Backend Listener configuration
The InfluxDB Backend Listener is added to the JMeter test plan. Its core code adds metrics for all, OK, and KO statuses:
private void addMetrics(String transaction, SamplerMetric metric) {
// FOR ALL STATUS
addMetric(transaction, metric.getTotal(), metric.getSentBytes(), metric.getReceivedBytes(), TAG_ALL, metric.getAllMean(), metric.getAllMinTime(),
metric.getAllMaxTime(), allPercentiles.values(), metric::getAllPercentile);
// FOR OK STATUS
addMetric(transaction, metric.getSuccesses(), null, null, TAG_OK, metric.getOkMean(), metric.getOkMinTime(),
metric.getOkMaxTime(), okPercentiles.values(), metric::getOkPercentile);
// FOR KO STATUS
addMetric(transaction, metric.getFailures(), null, null, TAG_KO, metric.getKoMean(), metric.getKoMinTime(),
metric.getKoMaxTime(), koPercentiles.values(), metric::getKoPercentile);
metric.getErrors().forEach((error, count) -> addErrorMetric(transaction, error.getResponseCode(),
error.getResponseMessage(), count));
}Metrics are then written to InfluxDB asynchronously:
@Override public void writeAndSendMetrics() {
if (!copyMetrics.isEmpty()) {
try {
if (httpRequest == null) {
httpRequest = createRequest(url);
}
StringBuilder sb = new StringBuilder(copyMetrics.size() * 35);
for (MetricTuple metric : copyMetrics) {
sb.append(metric.measurement)
.append(metric.tag)
.append(" ")
.append(metric.field)
.append(" ")
.append(metric.timestamp + "000000")
.append("\n");
}
StringEntity entity = new StringEntity(sb.toString(), StandardCharsets.UTF_8);
httpRequest.setEntity(entity);
lastRequest = httpClient.execute(httpRequest, new FutureCallback
() {
@Override public void completed(final HttpResponse response) {
int code = response.getStatusLine().getStatusCode();
if (MetricUtils.isSuccessCode(code)) {
if (log.isDebugEnabled()) {
log.debug("Success, number of metrics written: {}", copyMetrics.size());
}
} else {
log.error("Error writing metrics to influxDB Url: {}, responseCode: {}, responseBody: {}", url, code, getBody(response));
}
}
@Override public void failed(final Exception ex) {
log.error("failed to send data to influxDB server : {}", ex.getMessage());
}
@Override public void cancelled() {
log.warn("Request to influxDB server was cancelled");
}
});
} catch (Exception e) {
log.error("Exception while sending metrics", e);
}
}
}node_exporter + Prometheus + Grafana data flow
For system‑level monitoring we use node_exporter to expose OS metrics, Prometheus to scrape them, and Grafana to visualize.

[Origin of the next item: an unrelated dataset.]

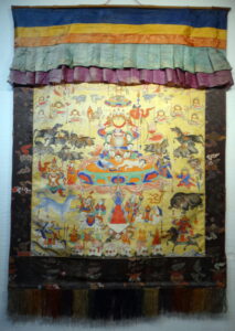 The thangka is in the original, very ornate, mounting.

The node_exporter binary is started with:
# ./node_exporter --web.listen-address=:9200 &Prometheus is downloaded and configured to scrape the exporter:
# wget -c https://github.com/prometheus/prometheus/releases/download/v2.14.0/prometheus-2.14.0.linux-amd64.tar.gz
# tar -xzf prometheus-2.14.0.linux-amd64.tar.gz
# cd prometheus-2.14.0.linux-amd64
# echo "- job_name: 's1'\n static_configs:\n - targets: ['172.17.211.143:9200']" >> prometheus.yml
# ./prometheus --config.file=prometheus.yml &Grafana is then pointed to the Prometheus data source and a node_exporter dashboard (ID 11074) is imported. Example Prometheus query for CPU usage:
avg(irate(node_cpu_seconds_total{instance=~"$node",mode="system"}[30m])) by (instance)
avg(irate(node_cpu_seconds_total{instance=~"$node",mode="user"}[30m])) by (instance)
avg(irate(node_cpu_seconds_total{instance=~"$node",mode="iowait"}[30m])) by (instance)
1 - avg(irate(node_cpu_seconds_total{instance=~"$node",mode="idle"}[30m])) by (instance)The article concludes that understanding the source and meaning of metrics—whether viewed in Grafana or via command‑line tools—is essential for accurate performance analysis.